Disaggregating soil erosion processes within an evolving experimental landscape

Soil‐mantled landscapes subjected to rainfall, runoff events, and downstream base level adjustments will erode and evolve in time and space. Yet the precise mechanisms for soil erosion also will vary, and such variations may not be adequately captured by soil erosion prediction technology. This study sought to monitor erosion processes within an experimental landscape filled with packed homogenous soil, which was exogenically forced by rainfall and base level adjustments, and to define the temporal and spatial variation of the erosion regimes. Close‐range photogrammetry and terrain analysis were employed as the primary methods to discriminate these erosion regimes.

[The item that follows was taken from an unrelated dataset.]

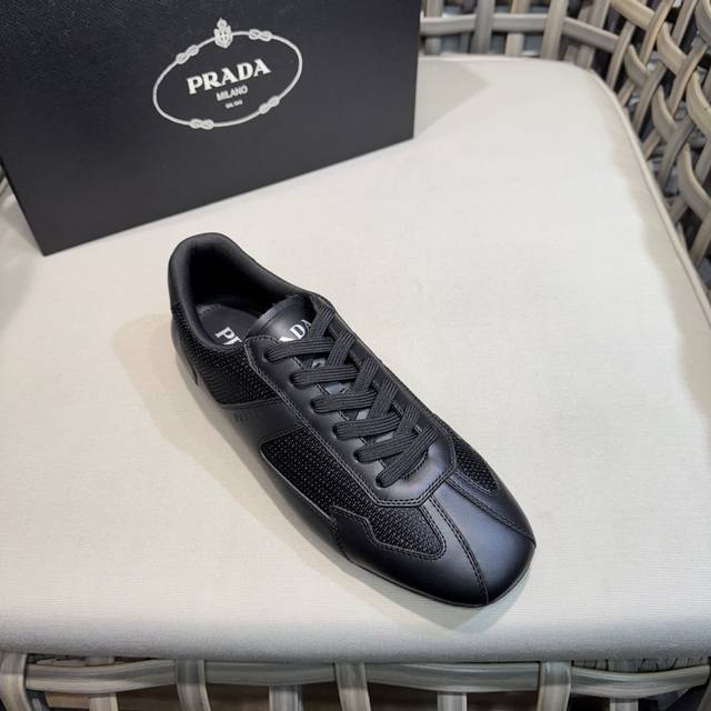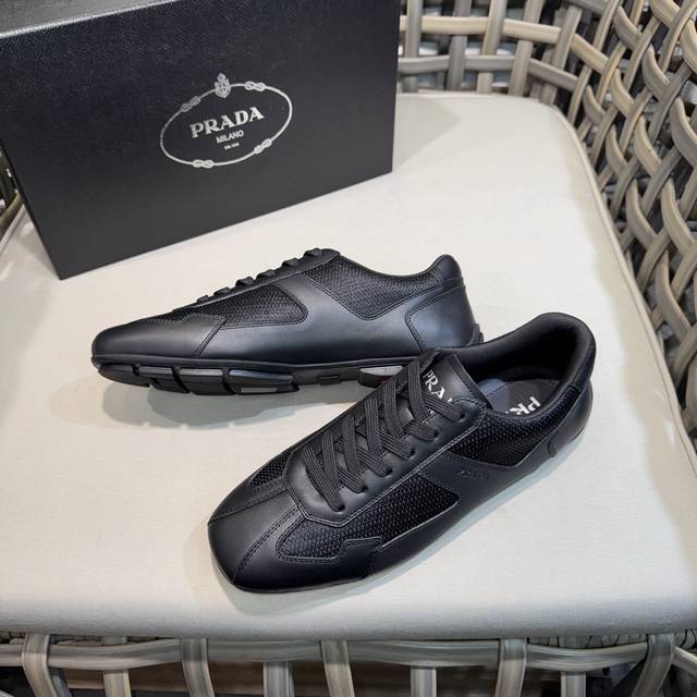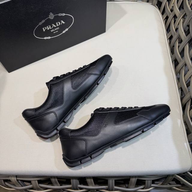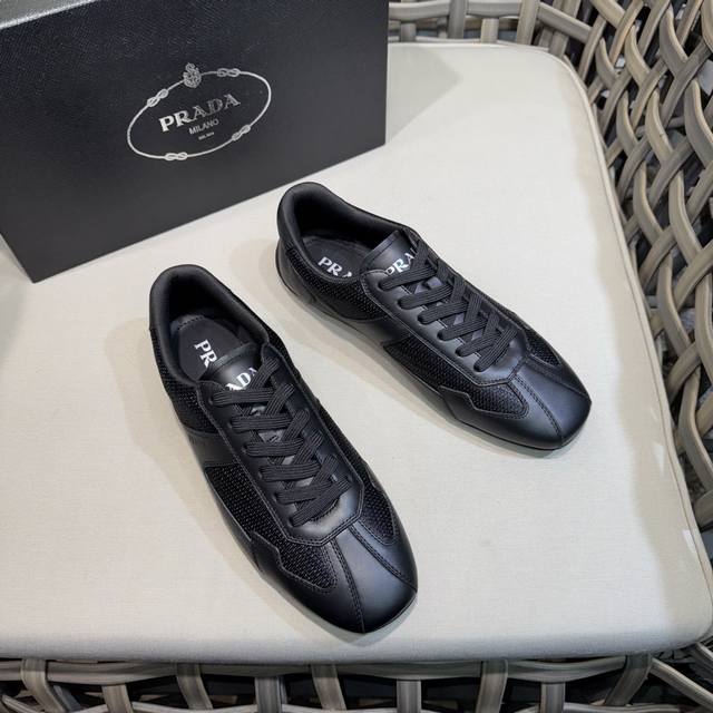 Prada classic men's lace-up sneakers | Imported cowhide and breathable mesh upper | Layered stitching for a lightweight and breathable feel | Soft and comfortable | Prada lettering on the side | Distinctive sporty style that reflects the brand's style | Lightweight embossed rubber sole | Cowhide lining | Excellent and stylish feel | Comes with full original packaging

Results show that (1) four distinct erosion regimes can be identified (raindrop impact, sheet flow, rill, and gully), and these regimes conformed to an expected trajectory of landscape evolution; (2) as the landscape evolved, the erosion regimes varied in areal coverage and in relative contribution to total sediment efflux measured at the outlet of the catchment; and (3) the sheet flow and rill erosion regimes dominated the contributions to total soil loss. Disaggregating the soil erosion processes greatly facilitated identifying and mapping each regime in time and space. Such information has important implications for improving soil erosion prediction technology, for assessing landscape degradation by soil erosion, for mapping regions vulnerable to future erosion, and for mitigating soil losses and managing soil resources. Copyright © 2017 John Wiley & Sons, Ltd. An experimental landscape packed with soil was subjected to simulated rainfall and base level adjustments. The landscape was monitored using photogrammetry to identify four geomorphic regions of interest. Results show that the contribution of total soil loss from each regime could be determined in space and time, and that the rill and sheet flow regimes contributed the most sediment to the total load exiting the flume. Such information has important implications for improving soil erosion prediction technology.